Une histoire particulière avec les Etats-Unis
Les questions de l’identité et notamment sexuelle sont omniprésentes dans la filmographie du réalisateur, comme le sujet des personnages en construction et la recherche de liberté. “L’homosexualité, comme la transidentité, ont été si longtemps invisibilisées dans les arts, il a fallu du courage pour les rendre visibles et raconter les mémoires de ses vies”, explique-t-il.
Il est d’autant plus heureux de rendre visible ce documentaire à travers le monde. “Quand le film voyage, il questionne l’identité et j’espère qu’il permettra de nourrir le débat sur les sujets queers aux Etats-Unis”, ambitionne Sébastien Lifshitz qui trouve le sujet “universel”. Cela pourra être l’occasion d’aborder les droits des personnes transgenres dans le pays et leurs évolutions. En juin 2020, la Cour suprême américaine a validé définitivement l’interdiction pour un employeur de licencier un salarié sur des critères d’orientation ou d’identité sexuelle. Mais plus récemment, les droits des personnes transgenres ont été fortement attaqués dans plusieurs Etats républicains.
Le film a déjà été présenté au public américain en ouverture du Rendez-Vous with French Cinema à New York en 2021, pour lequel le cinéaste s’est prêté à un Q&A “virtuel”. “Les spectateurs développent une telle empathie pour Sacha qu’ils me demandaient de ses nouvelles, une extension du film”, raconte-t-il très ému. Et il se prête volontiers au jeu, ayant gardé contact avec la famille : la petite fille, qui a désormais 11 ans, “s’épanouit, semble apaisée et assurée dans son choix”.

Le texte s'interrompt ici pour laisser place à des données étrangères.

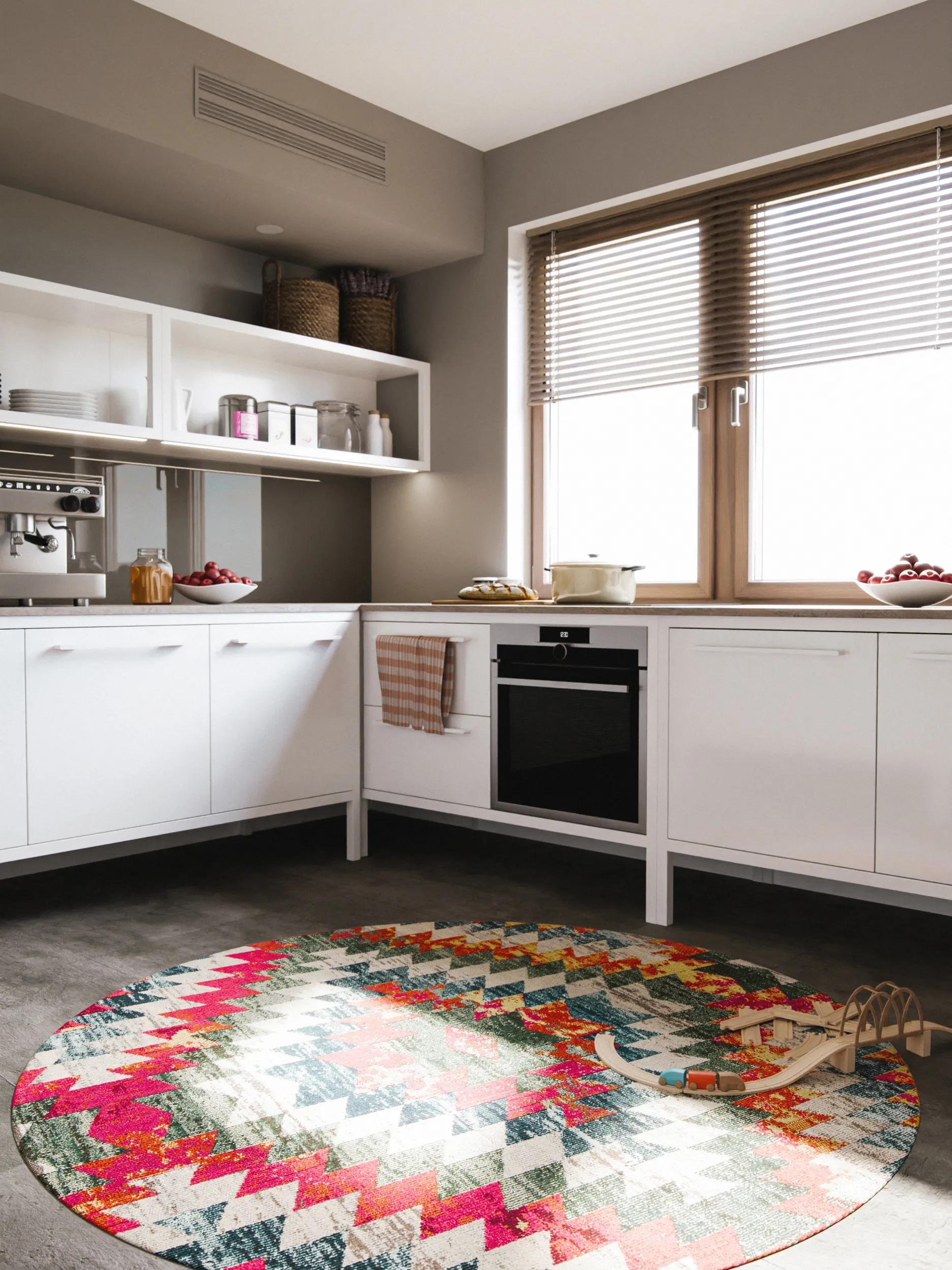 Tapis contemporain ethnique rond multicolore 160 cm de diamètre

Outre l’ouverture du débat et la relation avec l’audience, cette sortie américaine n’est pas anodine pour Sébastien Lifshitz. “J’ai une relation très forte avec les Etats-Unis qui me passionnent.” Son histoire avec le pays s’est accélérée en 2001, quand il y a accompagné son meilleur ami qui recherchait son père, un ancien G.I. (soldat de l’armée américaine pendant la deuxième guerre mondiale). Ce parcours de quatre mois à travers les US, il en a fait un film intitulé “La traversée”. “Ce fut une expérience de cinéma et humaine qui me laissera une empreinte indélébile.”
Vingt ans plus tard, il revient tourner un documentaire sur le sol américain. “Il se déroulera à New York et dans les montagnes Catskills”, précise-t-il, ne voulant pas dévoiler la trame du documentaire, mais lâchant que c’est “une histoire folle qui se passe dans les années 60, liée à la culture queer, et dont on a récemment retrouvé la trace.”